* ACTION ITEM
Reproduce, exactly and only, the lines of the data that follows from the one containing "庭園での撮影の後は、ドレス・" down to the one containing "在本次示范教学的课堂上,刘敏", without pictures.

* ENTRIES SUPPLIED
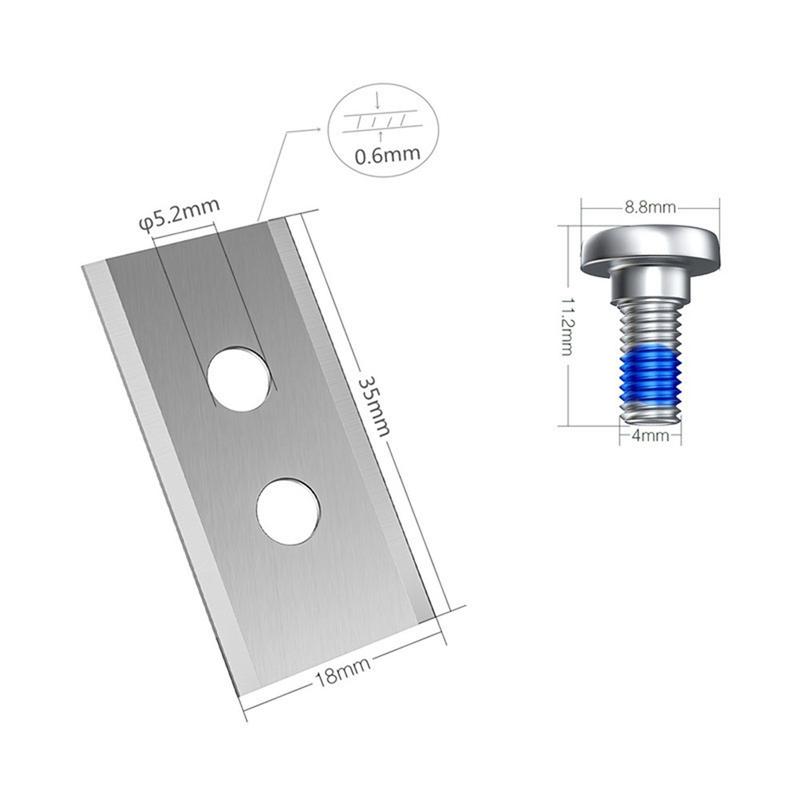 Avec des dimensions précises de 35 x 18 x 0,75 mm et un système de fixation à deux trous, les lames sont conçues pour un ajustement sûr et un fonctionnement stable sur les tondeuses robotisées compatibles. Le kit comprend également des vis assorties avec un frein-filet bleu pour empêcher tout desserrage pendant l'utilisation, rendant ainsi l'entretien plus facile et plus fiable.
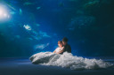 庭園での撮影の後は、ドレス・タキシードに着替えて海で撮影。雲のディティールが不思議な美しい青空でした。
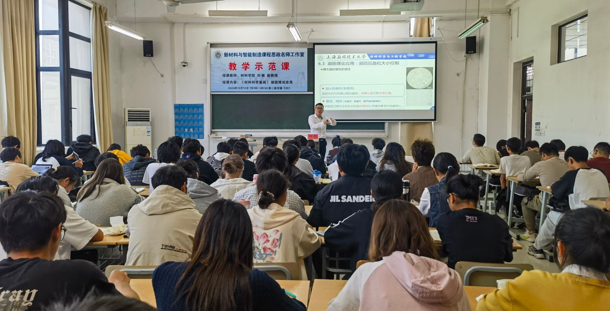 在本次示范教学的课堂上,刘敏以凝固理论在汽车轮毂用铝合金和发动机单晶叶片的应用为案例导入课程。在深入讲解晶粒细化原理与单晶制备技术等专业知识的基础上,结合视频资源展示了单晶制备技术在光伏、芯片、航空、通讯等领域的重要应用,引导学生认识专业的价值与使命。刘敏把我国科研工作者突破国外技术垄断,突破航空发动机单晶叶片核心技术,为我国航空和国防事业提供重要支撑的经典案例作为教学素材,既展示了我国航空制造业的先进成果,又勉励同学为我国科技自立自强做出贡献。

==

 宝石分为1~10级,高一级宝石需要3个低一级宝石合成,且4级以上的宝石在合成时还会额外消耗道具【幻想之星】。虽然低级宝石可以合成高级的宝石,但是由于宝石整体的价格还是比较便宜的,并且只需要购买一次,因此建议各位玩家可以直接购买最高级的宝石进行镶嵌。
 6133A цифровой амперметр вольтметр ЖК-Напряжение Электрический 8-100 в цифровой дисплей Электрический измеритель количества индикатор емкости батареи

* TASK ANSWER
 庭園での撮影の後は、ドレス・タキシードに着替えて海で撮影。雲のディティールが不思議な美しい青空でした。
 在本次示范教学的课堂上,刘敏以凝固理论在汽车轮毂用铝合金和发动机单晶叶片的应用为案例导入课程。在深入讲解晶粒细化原理与单晶制备技术等专业知识的基础上,结合视频资源展示了单晶制备技术在光伏、芯片、航空、通讯等领域的重要应用,引导学生认识专业的价值与使命。刘敏把我国科研工作者突破国外技术垄断,突破航空发动机单晶叶片核心技术,为我国航空和国防事业提供重要支撑的经典案例作为教学素材,既展示了我国航空制造业的先进成果,又勉励同学为我国科技自立自强做出贡献。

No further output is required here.